Brusselse regering kijkt naar Parijs voor havenuitbreiding
O p uitnodiging van de havenautoriteiten van Parijs reist Brigitte Grouwels met een groep ondernemers van de Brusselse Haven twee dagen naar Parijs. Op het programma: een bezoek aan enkele stadshavens, waar economische activiteit zoveel mogelijk aan het leven in de stad wordt gekoppeld, en een bezoek aan de grote haven van Gennevilliers even buiten het stadscentrum.
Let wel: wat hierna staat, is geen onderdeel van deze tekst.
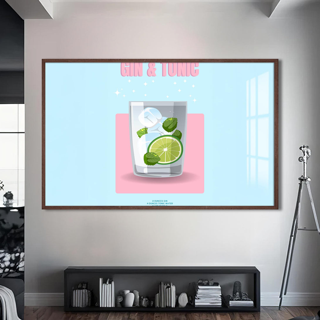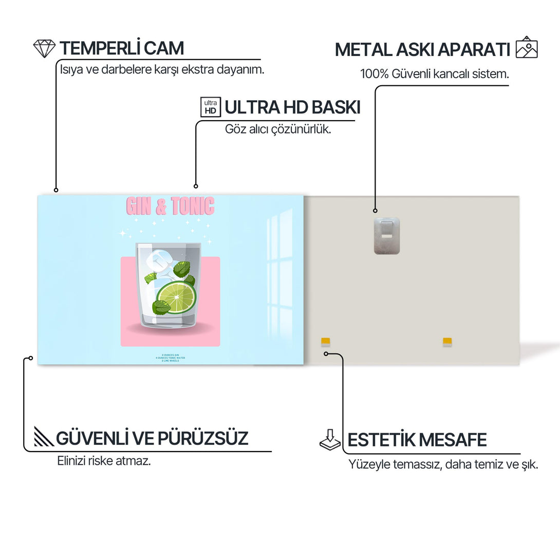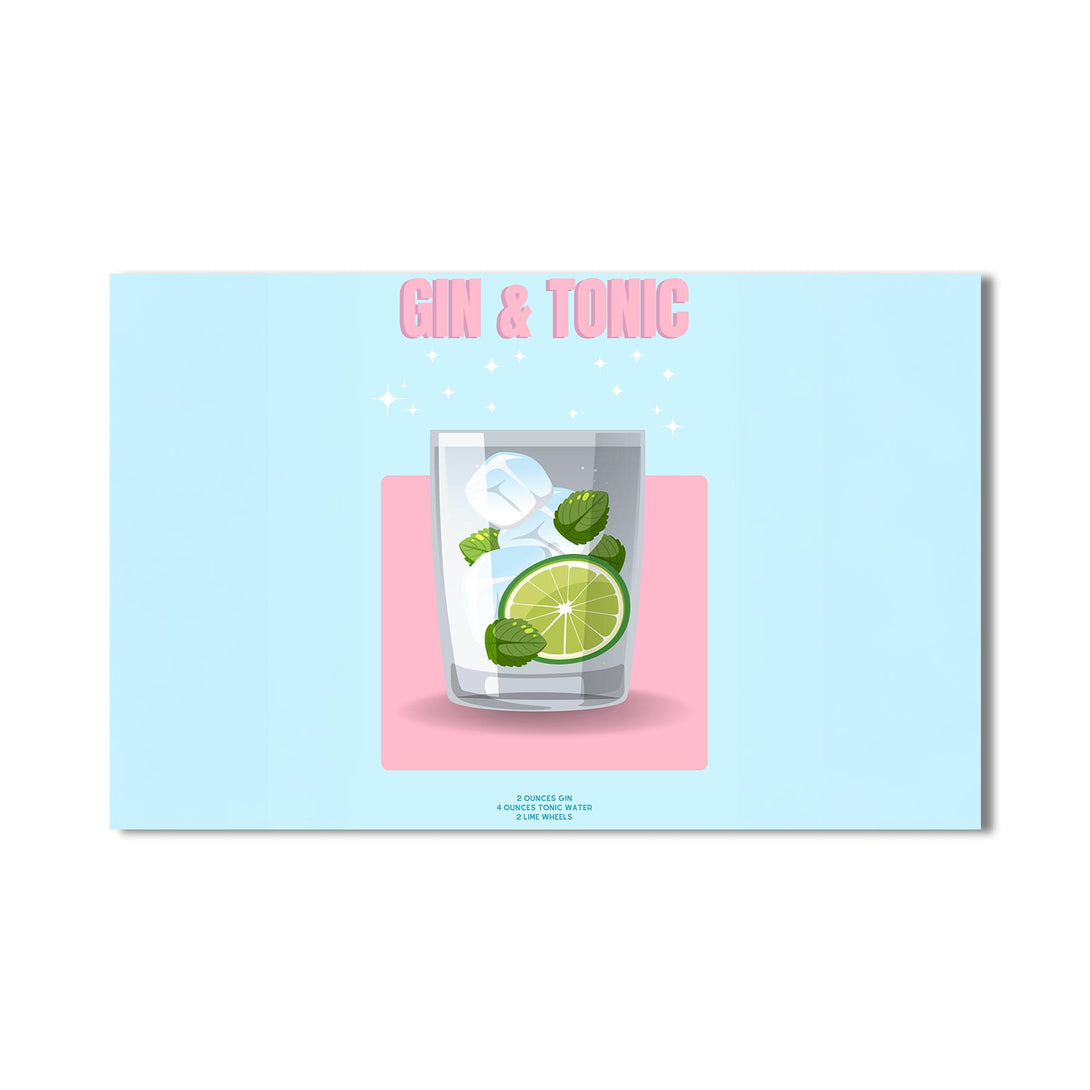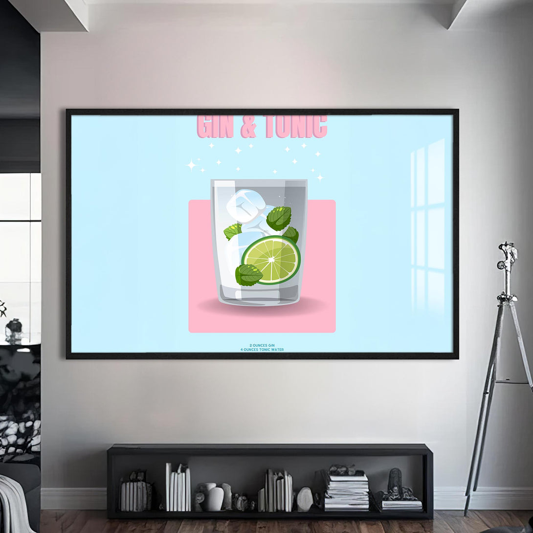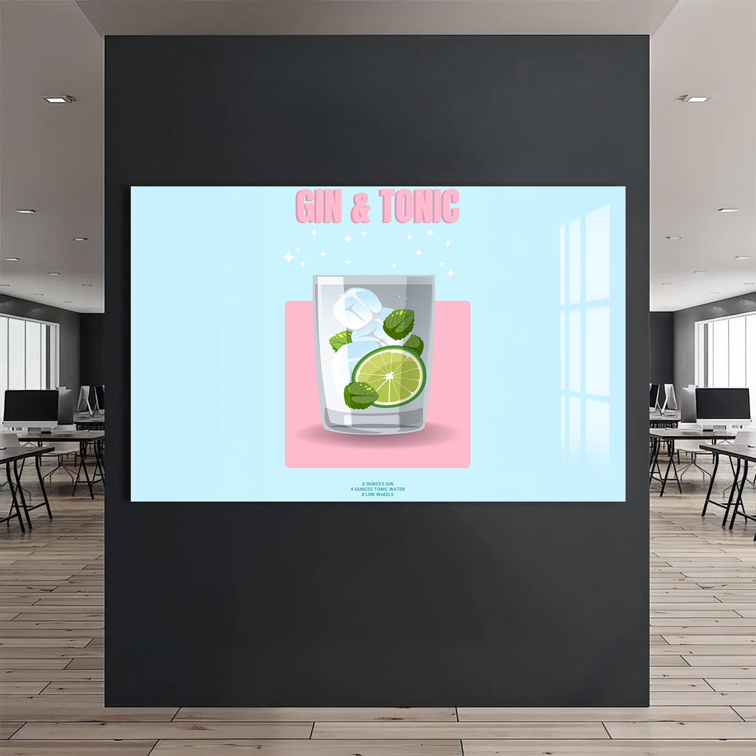 Pastel renkli zemin üzerinde narin bir bardak, lime dilimi ve nane yapraklarıyla sunulan klasik bir kokteyl: Gin & Tonic. Sadeliği ve modern tasarımıyla bu cam tablo, alkollü içecekler temalı koleksiyonlarda sade şıklığın temsilcisi.

Ook al ligt Parijs niet ver van Brussel, er zijn grote verschillen tussen de twee havens. Hoewel ze allebei binnenhavens zijn, havens die niet aan de kust liggen, heeft Brussel als haven een veel internationaler afzetgebied, met name in de buurlanden. De haven van Parijs dient vooral als doorgeefluik voor de regio Île-de-France, het economische en politieke hart van Frankrijk. Toch is Parijs groter: rechtstreeks genereert de haven er twintigduizend banen, indirect zestigduizend. Gennevilliers, veruit het grootste havengebied in Île-de-France, is ook nog eens vierhonderd hectare groot, en dat is nog maar een deel van wat als de volledige Parijse haven doorgaat. De Brusselse Haven stelt indirect zo'n 13.000 mensen te werk en is alles bij elkaar slechts 85 hectare groot. Toch zijn de grootste troeven voor Brussel: op vijftig kilometer van grote buur Antwerpen en dus aan zee, centraal gelegen en toegankelijk voor schepen van 4.500 ton. Parijs gaat maar tot 2.500 ton.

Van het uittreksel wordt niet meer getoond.